Document Processing with Visitor Generator
This example demonstrates how to use the Visitor Pattern Generator to build a comprehensive document processing pipeline. The scenario showcases common operations found in content management systems, document automation platforms, and legal tech applications.
Scenario
We need to process various document types (PDF, Word, Excel, Markdown) through multiple stages:
- Validation - Check if documents meet requirements (sync result visitor)
- Metadata Extraction - Extract and log document properties (sync action visitor)

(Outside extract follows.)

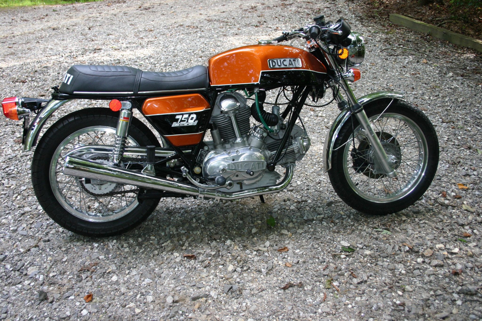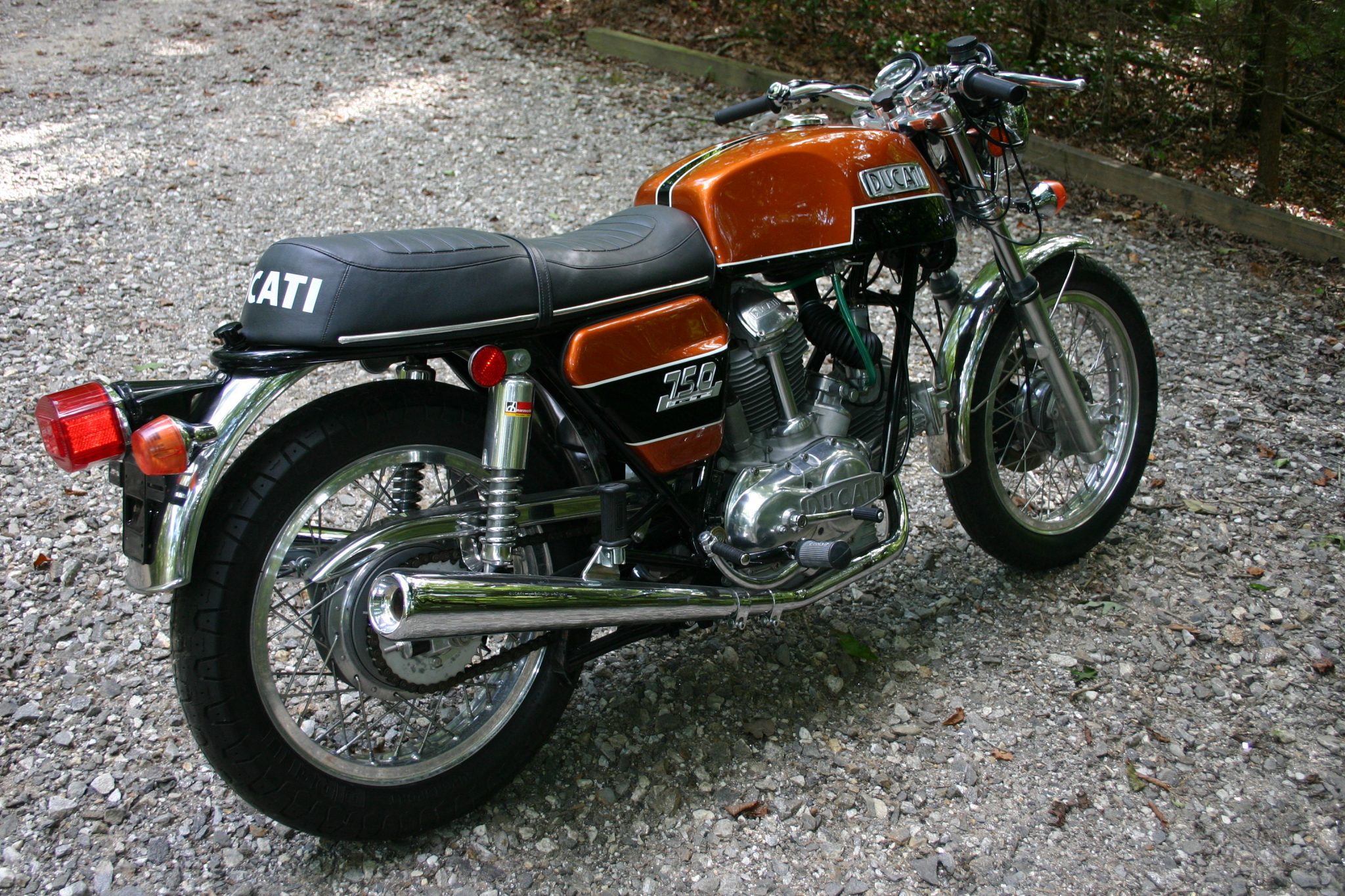 Borrani wire-spoke wheels feature shouldered aluminum rims, replacement spokes, and older tires that the seller recommends replacing due to age. The Marzocchi conventional fork was rebuilt by Bevel Heaven of Concord, California in 2008 using dual-rate springs along with new wipers, seals and O-rings. Suspension also includes a rear swingarm mounted with dual chrome shocks. Braking is from a single updated Brembo disc up front and a drum in the rear.

- Content Indexing - Index documents for search (async result visitor)
- Security Scanning - Scan for security issues (async action visitor)
- Complex Pipelines - Combine multiple visitors in workflows
Document Model
First, define the document hierarchy with the [GenerateVisitor] attribute:
using PatternKit.Generators;
[GenerateVisitor]
public partial class Document
{
public string Id { get; init; } = string.Empty;
public string FileName { get; init; } = string.Empty;
public long SizeBytes { get; init; }
}
public partial class PdfDocument : Document
{
public int PageCount { get; init; }
public bool IsEncrypted { get; init; }
}
public partial class WordDocument : Document
{
public int WordCount { get; init; }
public bool HasMacros { get; init; }
}
public partial class SpreadsheetDocument : Document
{
public int SheetCount { get; init; }
public bool HasFormulas { get; init; }
}
public partial class MarkdownDocument : Document
{
public int LineCount { get; init; }
public bool HasCodeBlocks { get; init; }
}
The generator automatically creates visitor interfaces and Accept methods for all types.
Use Case 1: Document Validation (Sync Result Visitor)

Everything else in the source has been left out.